Dataset entries
□ □ □ □

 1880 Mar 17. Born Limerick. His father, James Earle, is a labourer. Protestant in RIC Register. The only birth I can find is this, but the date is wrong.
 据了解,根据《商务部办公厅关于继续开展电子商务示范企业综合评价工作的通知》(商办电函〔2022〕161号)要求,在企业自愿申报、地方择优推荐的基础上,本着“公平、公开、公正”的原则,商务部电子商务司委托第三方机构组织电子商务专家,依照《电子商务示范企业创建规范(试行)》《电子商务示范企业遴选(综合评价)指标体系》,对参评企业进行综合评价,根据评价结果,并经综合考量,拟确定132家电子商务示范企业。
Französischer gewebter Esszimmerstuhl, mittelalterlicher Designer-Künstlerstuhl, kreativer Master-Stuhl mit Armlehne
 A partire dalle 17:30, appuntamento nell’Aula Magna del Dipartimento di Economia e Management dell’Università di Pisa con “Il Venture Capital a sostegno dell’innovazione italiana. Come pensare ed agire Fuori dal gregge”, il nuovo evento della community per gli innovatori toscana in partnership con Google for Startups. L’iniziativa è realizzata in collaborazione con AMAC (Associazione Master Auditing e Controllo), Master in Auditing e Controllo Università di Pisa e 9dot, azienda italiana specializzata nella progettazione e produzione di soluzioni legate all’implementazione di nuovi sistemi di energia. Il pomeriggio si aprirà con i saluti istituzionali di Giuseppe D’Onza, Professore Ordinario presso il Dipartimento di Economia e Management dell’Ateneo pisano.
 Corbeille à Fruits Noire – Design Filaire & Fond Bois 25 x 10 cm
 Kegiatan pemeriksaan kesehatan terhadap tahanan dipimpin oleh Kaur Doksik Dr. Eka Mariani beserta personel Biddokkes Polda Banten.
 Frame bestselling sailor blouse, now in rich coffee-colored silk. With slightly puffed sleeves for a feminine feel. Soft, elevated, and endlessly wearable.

□ □ □ □

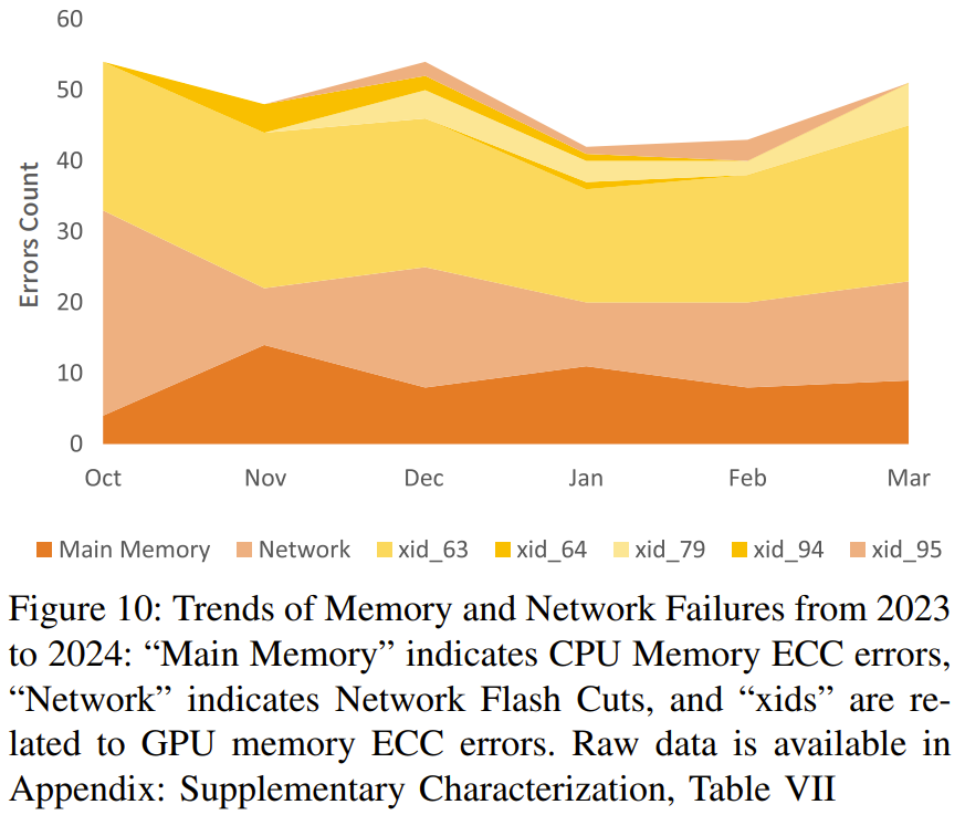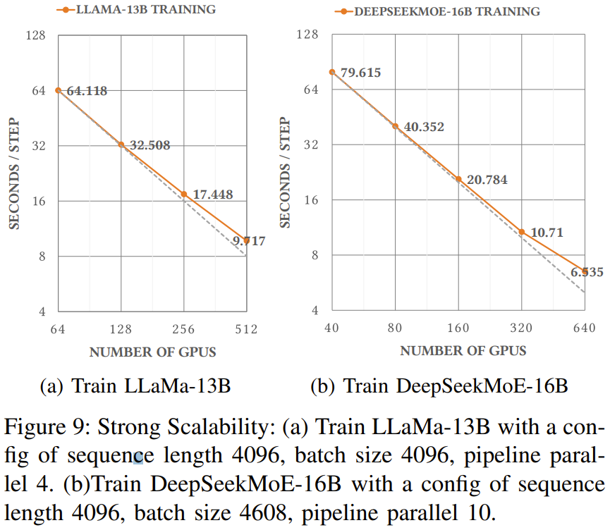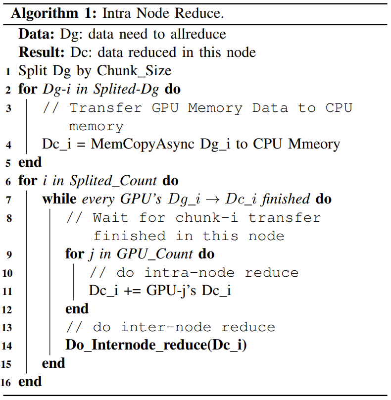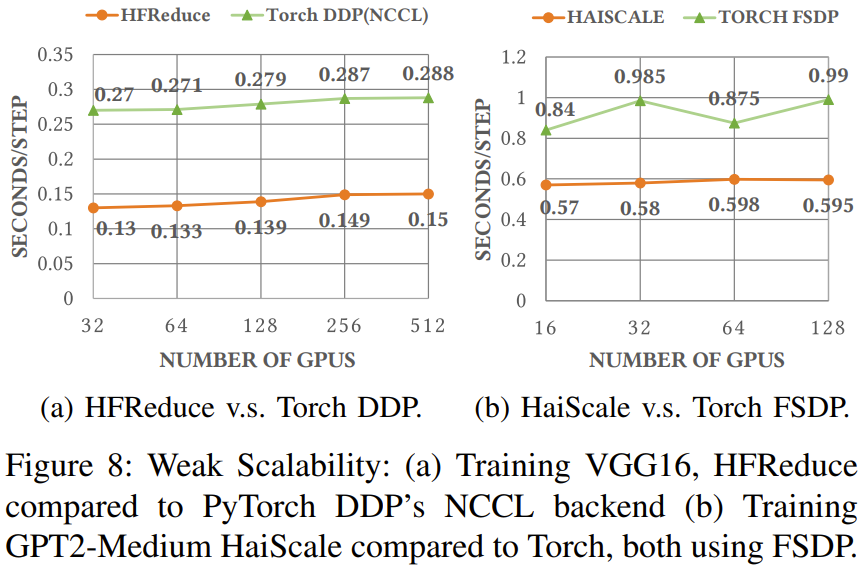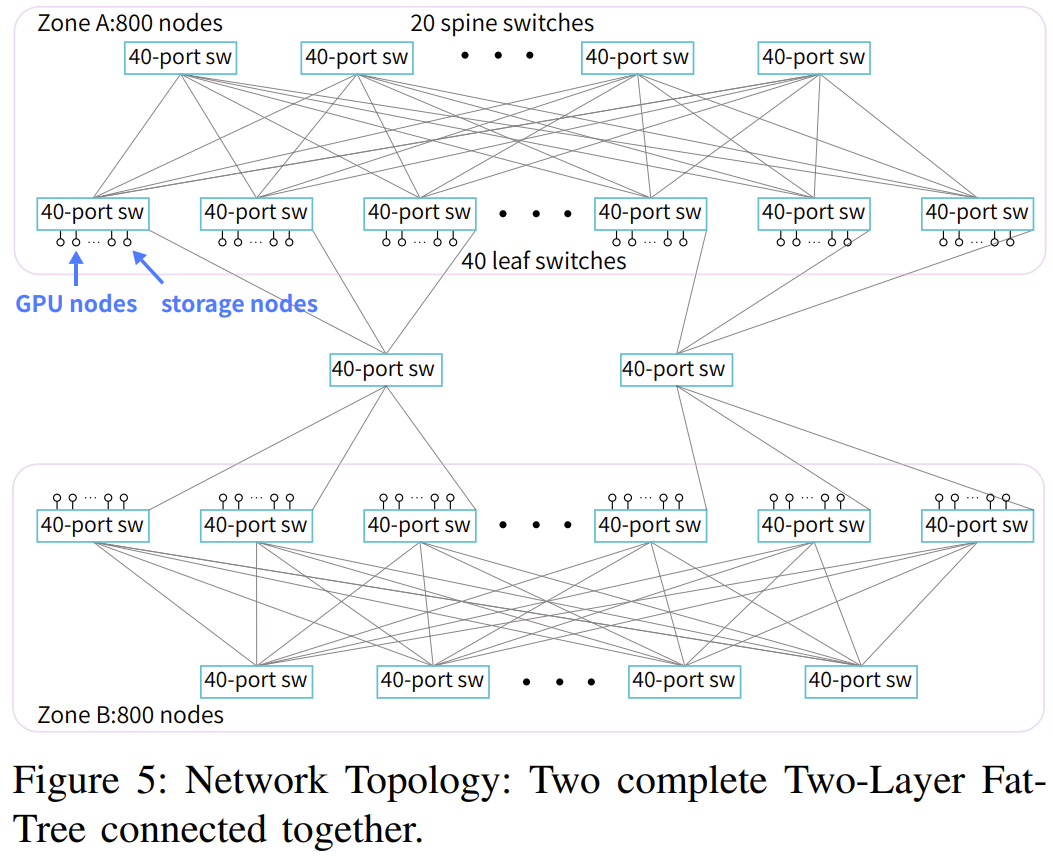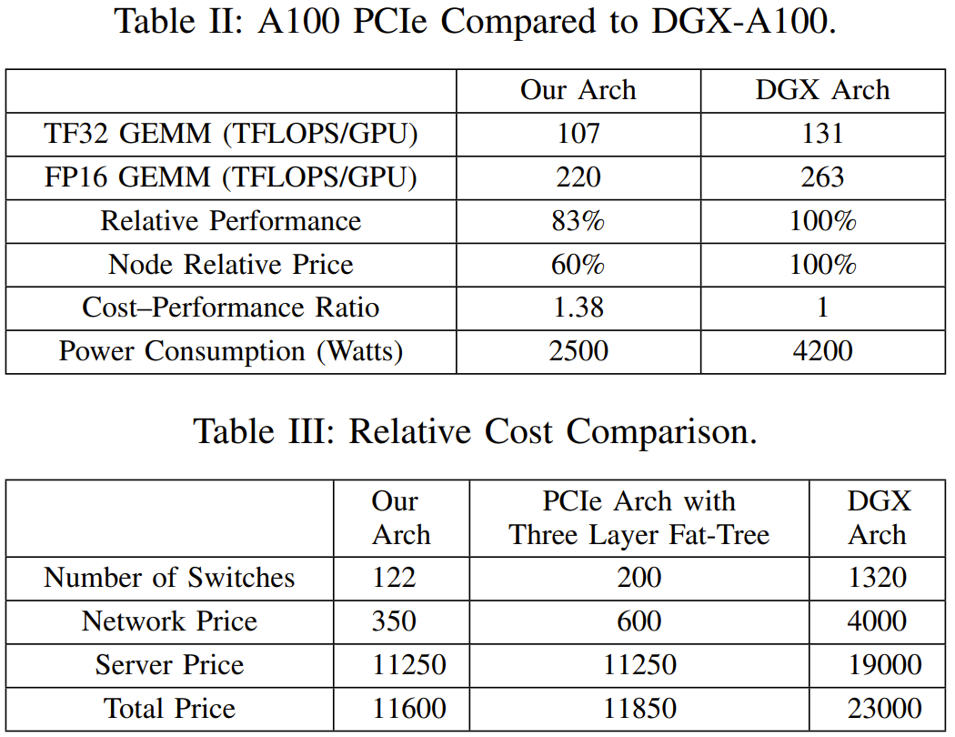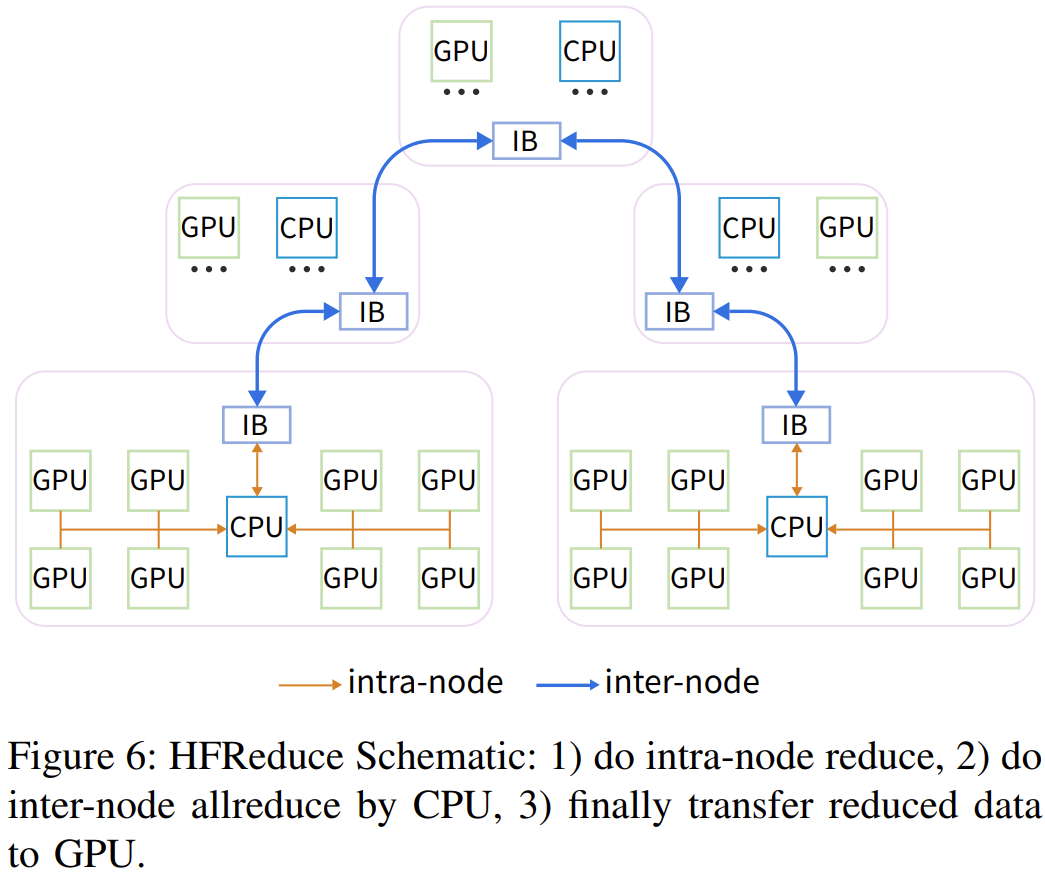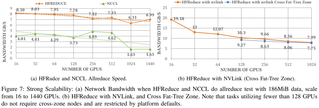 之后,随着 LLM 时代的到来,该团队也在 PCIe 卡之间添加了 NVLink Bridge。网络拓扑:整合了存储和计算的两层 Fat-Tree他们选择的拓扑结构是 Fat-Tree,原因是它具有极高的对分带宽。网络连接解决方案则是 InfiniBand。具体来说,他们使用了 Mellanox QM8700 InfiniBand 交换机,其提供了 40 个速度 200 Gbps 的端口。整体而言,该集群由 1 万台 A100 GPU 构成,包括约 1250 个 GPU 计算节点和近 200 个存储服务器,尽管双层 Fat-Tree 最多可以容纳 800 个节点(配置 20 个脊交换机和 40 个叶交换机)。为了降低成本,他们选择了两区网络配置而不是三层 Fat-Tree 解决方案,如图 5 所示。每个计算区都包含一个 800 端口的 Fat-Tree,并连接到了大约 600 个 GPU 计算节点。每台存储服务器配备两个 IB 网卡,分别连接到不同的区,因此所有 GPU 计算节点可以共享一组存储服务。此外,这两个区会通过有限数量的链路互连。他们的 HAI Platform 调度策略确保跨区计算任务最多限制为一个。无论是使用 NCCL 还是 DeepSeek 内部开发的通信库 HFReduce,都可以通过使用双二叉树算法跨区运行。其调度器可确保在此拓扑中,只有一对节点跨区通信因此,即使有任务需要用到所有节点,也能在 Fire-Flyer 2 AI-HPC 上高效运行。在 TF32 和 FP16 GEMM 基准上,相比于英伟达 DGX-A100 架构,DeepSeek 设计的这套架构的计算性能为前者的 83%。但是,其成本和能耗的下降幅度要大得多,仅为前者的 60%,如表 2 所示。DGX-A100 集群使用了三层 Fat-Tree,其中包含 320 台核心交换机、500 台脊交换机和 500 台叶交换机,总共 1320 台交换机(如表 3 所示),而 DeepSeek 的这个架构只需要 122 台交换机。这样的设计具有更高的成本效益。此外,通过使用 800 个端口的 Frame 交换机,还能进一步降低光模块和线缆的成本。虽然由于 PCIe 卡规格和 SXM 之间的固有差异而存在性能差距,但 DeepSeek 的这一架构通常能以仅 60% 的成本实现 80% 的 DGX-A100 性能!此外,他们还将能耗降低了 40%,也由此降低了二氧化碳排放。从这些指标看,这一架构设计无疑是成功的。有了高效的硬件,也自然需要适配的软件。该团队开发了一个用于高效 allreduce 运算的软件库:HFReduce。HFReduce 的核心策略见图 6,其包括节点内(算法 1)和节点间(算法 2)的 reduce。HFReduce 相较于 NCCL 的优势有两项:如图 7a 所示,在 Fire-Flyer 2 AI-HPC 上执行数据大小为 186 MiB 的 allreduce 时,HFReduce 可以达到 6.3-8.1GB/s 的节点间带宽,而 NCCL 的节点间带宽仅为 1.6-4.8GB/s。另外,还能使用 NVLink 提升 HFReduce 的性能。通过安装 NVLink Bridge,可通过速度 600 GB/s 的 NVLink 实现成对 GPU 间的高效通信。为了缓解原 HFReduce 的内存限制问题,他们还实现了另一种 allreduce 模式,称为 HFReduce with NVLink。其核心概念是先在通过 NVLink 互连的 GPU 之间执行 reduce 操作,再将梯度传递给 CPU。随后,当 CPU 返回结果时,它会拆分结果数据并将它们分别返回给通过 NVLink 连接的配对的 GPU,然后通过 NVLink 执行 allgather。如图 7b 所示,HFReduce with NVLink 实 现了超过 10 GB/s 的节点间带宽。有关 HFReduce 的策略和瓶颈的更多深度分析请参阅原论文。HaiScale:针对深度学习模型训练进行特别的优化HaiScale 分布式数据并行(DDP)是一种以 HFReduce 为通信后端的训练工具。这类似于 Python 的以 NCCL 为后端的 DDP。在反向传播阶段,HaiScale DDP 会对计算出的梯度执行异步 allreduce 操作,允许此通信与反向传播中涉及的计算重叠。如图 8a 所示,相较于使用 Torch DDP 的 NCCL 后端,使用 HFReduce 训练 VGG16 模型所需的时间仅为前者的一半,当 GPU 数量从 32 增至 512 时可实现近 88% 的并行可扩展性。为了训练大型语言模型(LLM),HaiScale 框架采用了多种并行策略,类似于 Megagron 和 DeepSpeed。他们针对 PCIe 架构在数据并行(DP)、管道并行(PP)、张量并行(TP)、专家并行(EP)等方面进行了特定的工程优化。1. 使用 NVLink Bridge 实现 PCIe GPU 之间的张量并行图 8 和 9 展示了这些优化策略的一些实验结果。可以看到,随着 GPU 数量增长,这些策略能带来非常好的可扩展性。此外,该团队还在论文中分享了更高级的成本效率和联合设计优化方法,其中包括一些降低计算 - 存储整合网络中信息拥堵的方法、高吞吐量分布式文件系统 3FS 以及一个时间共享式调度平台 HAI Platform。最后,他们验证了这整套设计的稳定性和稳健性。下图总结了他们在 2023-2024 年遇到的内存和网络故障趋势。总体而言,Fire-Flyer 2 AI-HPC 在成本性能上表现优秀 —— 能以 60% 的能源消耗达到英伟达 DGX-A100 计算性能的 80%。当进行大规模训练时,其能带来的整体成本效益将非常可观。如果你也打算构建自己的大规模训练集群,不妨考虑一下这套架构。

□ □ □ □

The task
Give again exactly, and only, the lines above starting at the one with "1880 Mar 17." and ending at the one with "据了解,根据《商务部办公厅关".

Response area
 1880 Mar 17. Born Limerick. His father, James Earle, is a labourer. Protestant in RIC Register. The only birth I can find is this, but the date is wrong.
 据了解,根据《商务部办公厅关于继续开展电子商务示范企业综合评价工作的通知》(商办电函〔2022〕161号)要求,在企业自愿申报、地方择优推荐的基础上,本着“公平、公开、公正”的原则,商务部电子商务司委托第三方机构组织电子商务专家,依照《电子商务示范企业创建规范(试行)》《电子商务示范企业遴选(综合评价)指标体系》,对参评企业进行综合评价,根据评价结果,并经综合考量,拟确定132家电子商务示范企业。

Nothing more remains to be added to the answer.